WHAT IS REQUIRED: Print exactly the lines below between the line containing "波步男宝宝秋冬加厚外套婴儿卡通棒球服上衣男童夹棉衣服儿童冬装" and the line containing "我校侨联副主席、致公党支部委", counting both of those lines. Leave pictures out.
*** Opening of INFORMATION ***
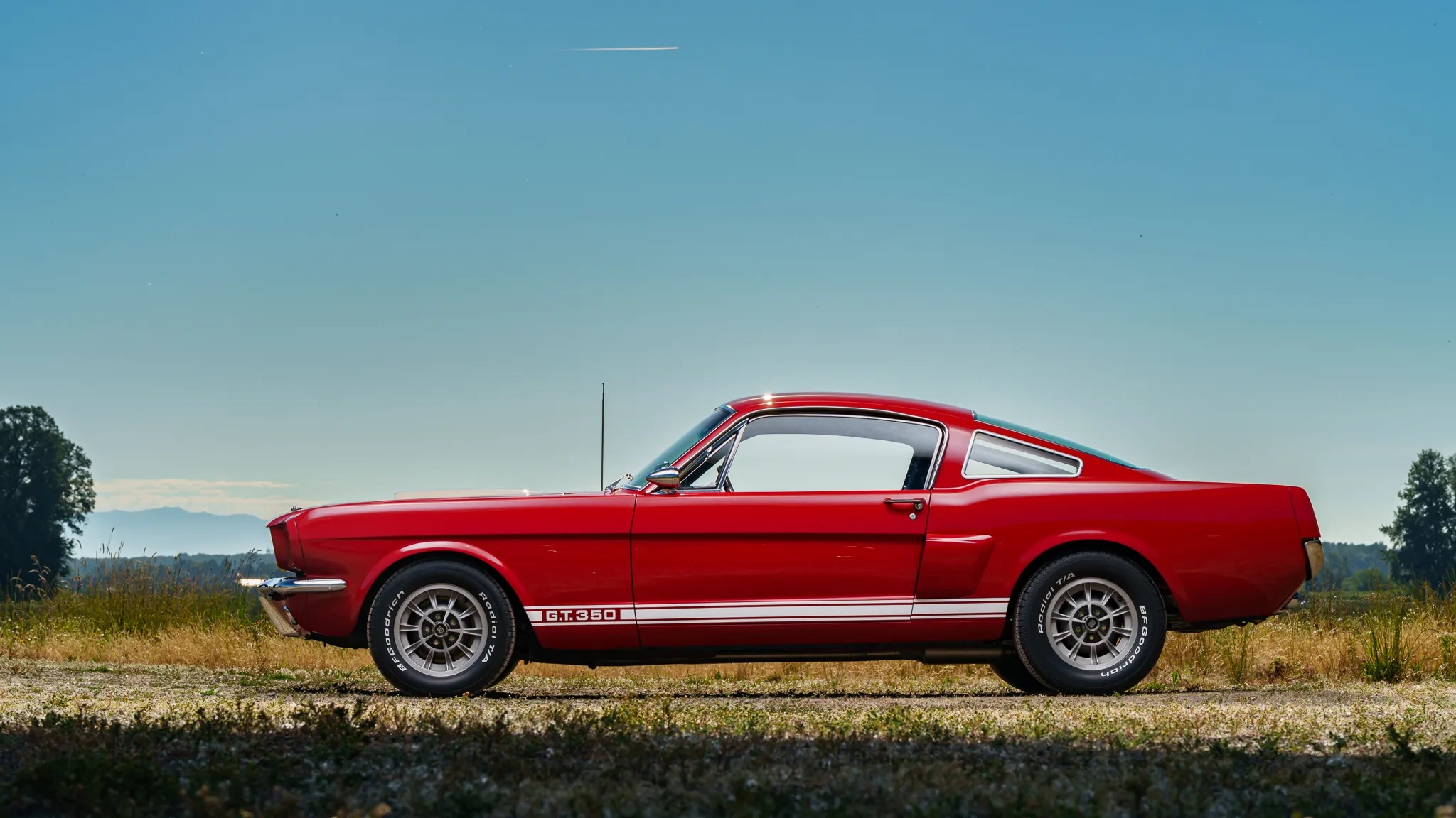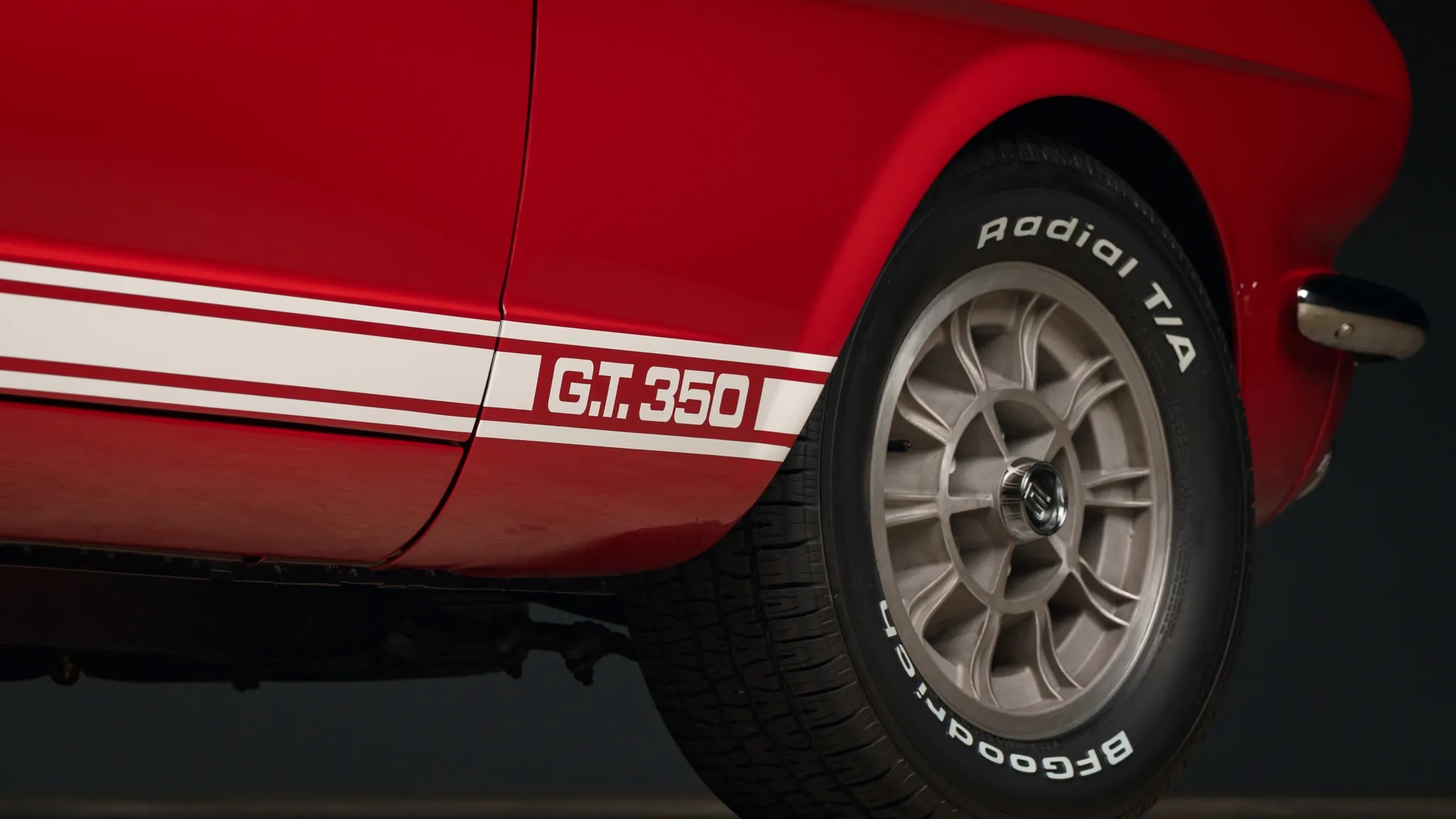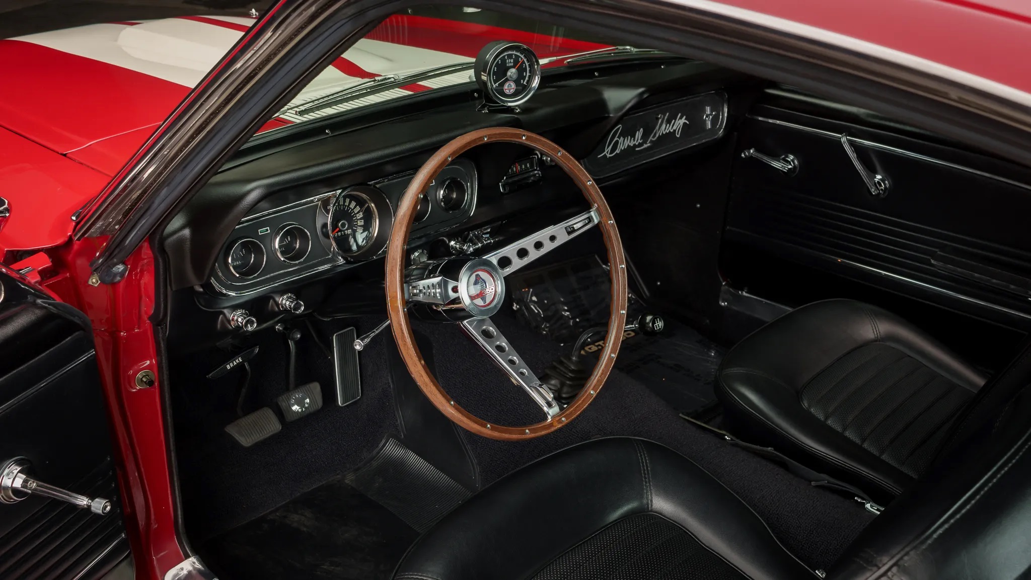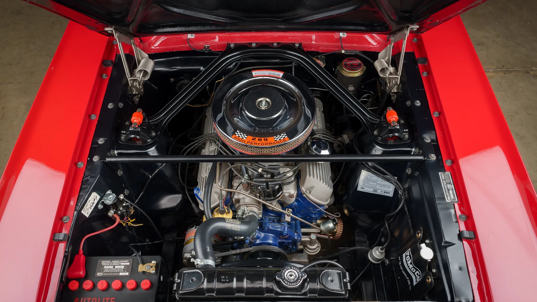 This car, finished in Candy Apple Red with cast alloy wheels and a Sport Deck rear seat, had four owners in Oregon before being bought by its current owner in Washington in 2005. It was refurbished in 2006, repainted in its original color with white stripes, and powered by a 289ci HiPo V8 paired with a T-10 four-speed manual transmission.
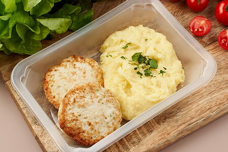 Куриные оладьи с картофельным пюре доставка
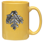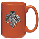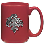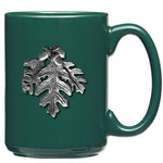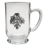 This coffee mug is decorated with a fine pewter casting. It is microwaveable and dishwasher safe with no heat cycle.. The glass coffee mug is 16 ounces, and the ceramic coffee mug is 15 ounces.
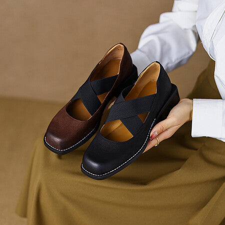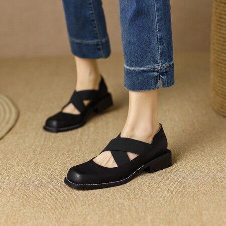 Bombas de boca baja con cinturón elástico de tacón bajo retro de piel de vaca
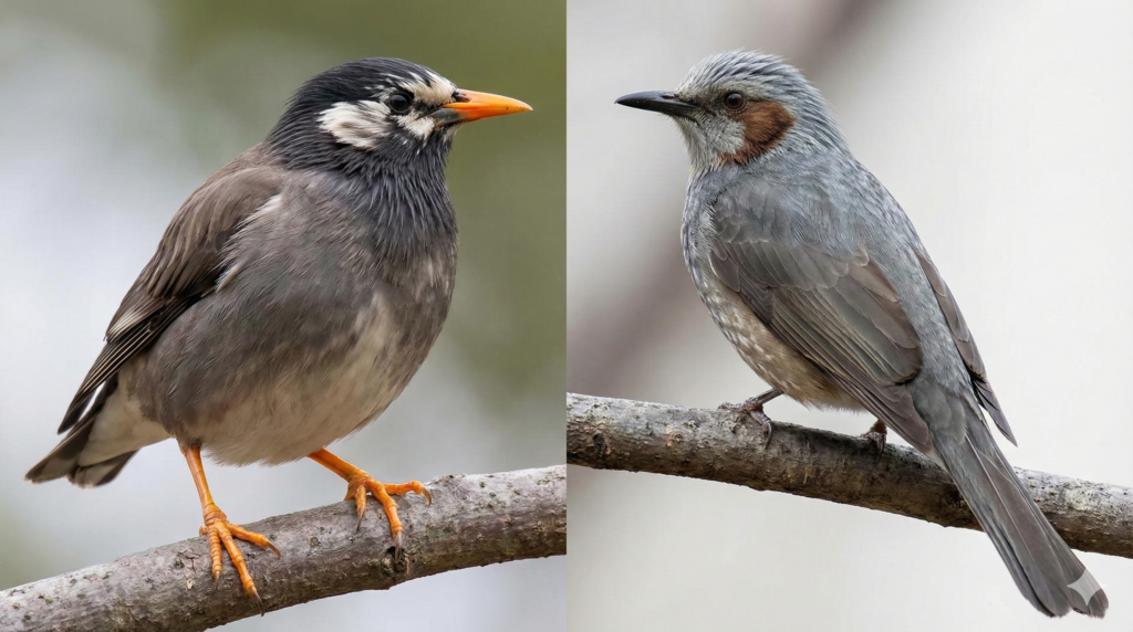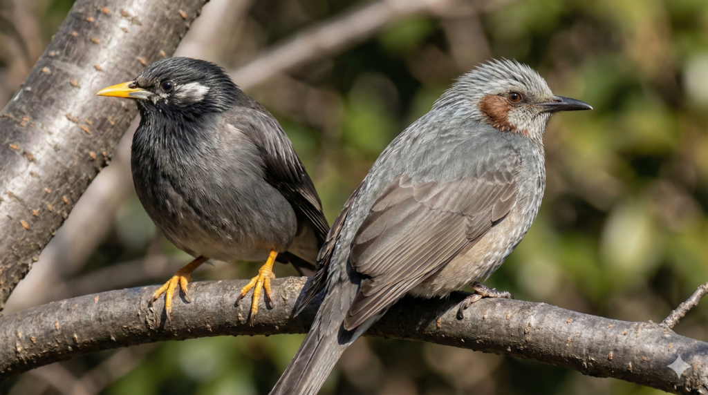 ムクドリは黄色系、ヒヨドリは黒系。この差は光の影響を受けにくく、遠目でも拾えれば強い決め手になります。
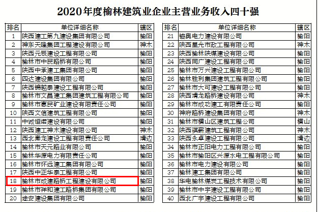 在公布的2020年度榆林建筑业企业主营业务收入四十强名单中,榆林市成建路桥建设有限公司排第18名。
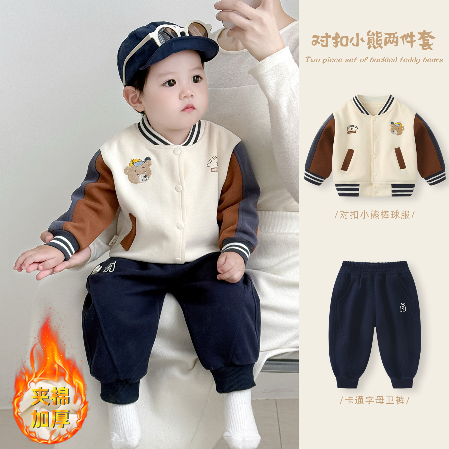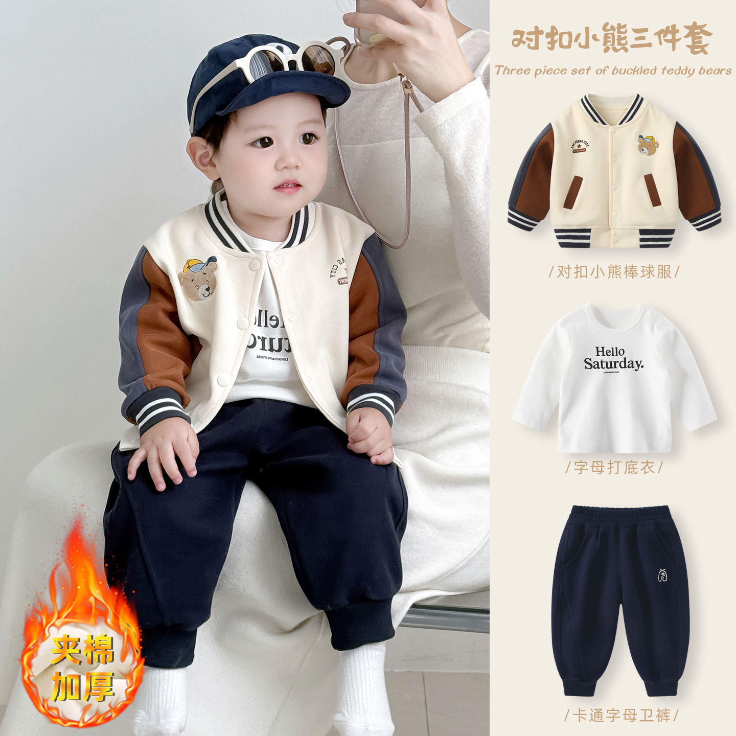波步男宝宝秋冬加厚外套婴儿卡通棒球服上衣男童夹棉衣服儿童冬装
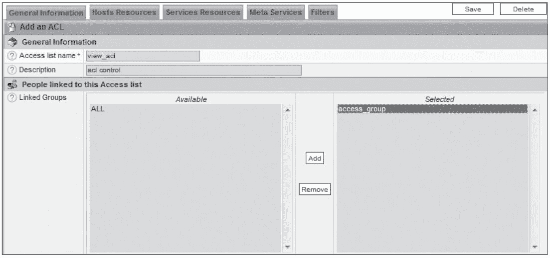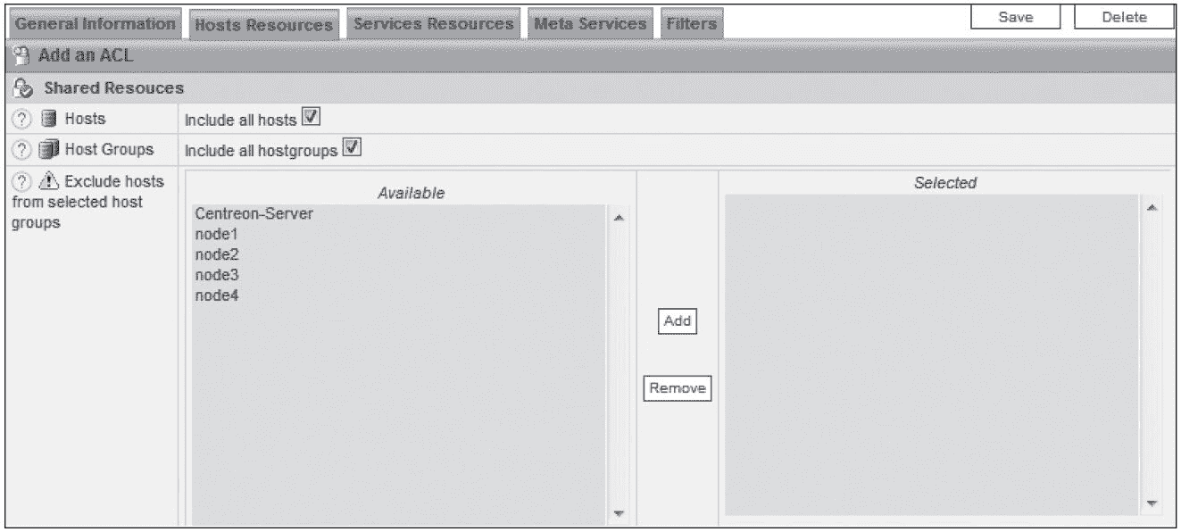 这里添加一个名为“view_acl”的访问策略,并且将 access_group 访问组加入这个访问策略中,接着选择“Hosts Resources”标签,选择可访问的主机资源,如图 8-57 所示。
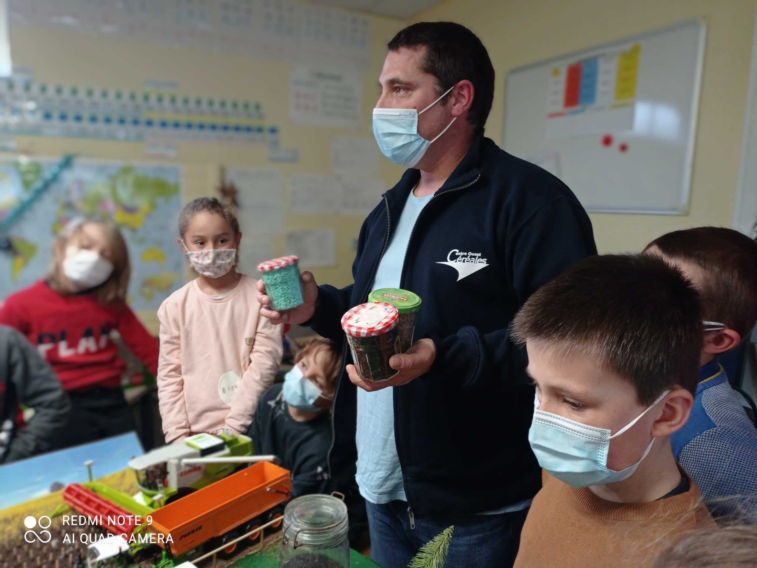 Fin décembre, Monsieur Auzannet, papa d’élèves est venu en classe nous faire découvrir ce qu’est un silo et les différentes céréales que les agriculteurs  font pousser dans les champs autour de chez nous. Il avait réalisé une maquette pour “La ferme s’invite” à Poitiers en novembre dernier.
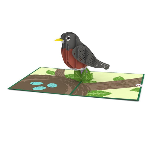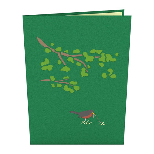 A busy grey and copper robin is laser-cut onto the front of this Kelly green card, tugging at a fresh catch (a wiggly one!) beneath a sprig of vivi...
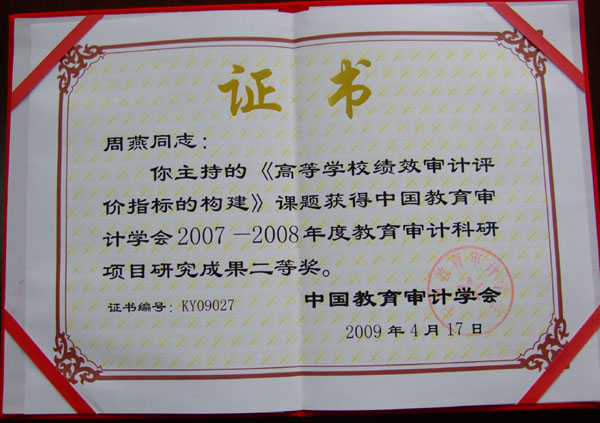 我校侨联副主席、致公党支部委员周燕主持的《高等学校绩效审计评价指标的构建》课题荣获二等奖。这次是我校第二次获得此类奖项。
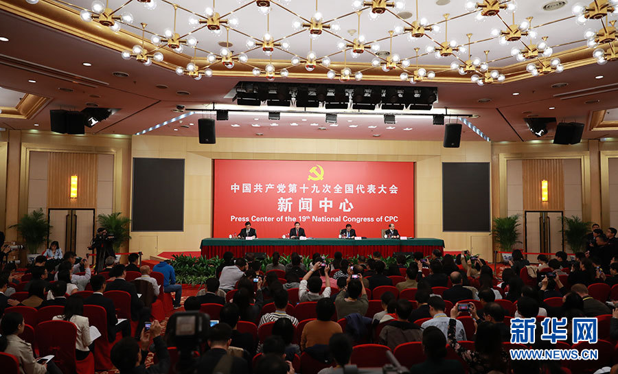 ??? 10月21日,十九大新聞中心舉辦記者招待會,邀請國家發展改革委黨組書記、主任何立峰,副主任張勇,副主任寧吉喆介紹以新發展理念為引領,推進中國經濟平穩健康可持續發展有關情況,并回答記者提問。圖為記者招待會現場。新華網 郝廣鵬攝
*** Close of INFORMATION ***
EXERCISE OUTPUT:
波步男宝宝秋冬加厚外套婴儿卡通棒球服上衣男童夹棉衣服儿童冬装
 这里添加一个名为“view_acl”的访问策略,并且将 access_group 访问组加入这个访问策略中,接着选择“Hosts Resources”标签,选择可访问的主机资源,如图 8-57 所示。
 Fin décembre, Monsieur Auzannet, papa d’élèves est venu en classe nous faire découvrir ce qu’est un silo et les différentes céréales que les agriculteurs  font pousser dans les champs autour de chez nous. Il avait réalisé une maquette pour “La ferme s’invite” à Poitiers en novembre dernier.
 A busy grey and copper robin is laser-cut onto the front of this Kelly green card, tugging at a fresh catch (a wiggly one!) beneath a sprig of vivi...
 我校侨联副主席、致公党支部委员周燕主持的《高等学校绩效审计评价指标的构建》课题荣获二等奖。这次是我校第二次获得此类奖项。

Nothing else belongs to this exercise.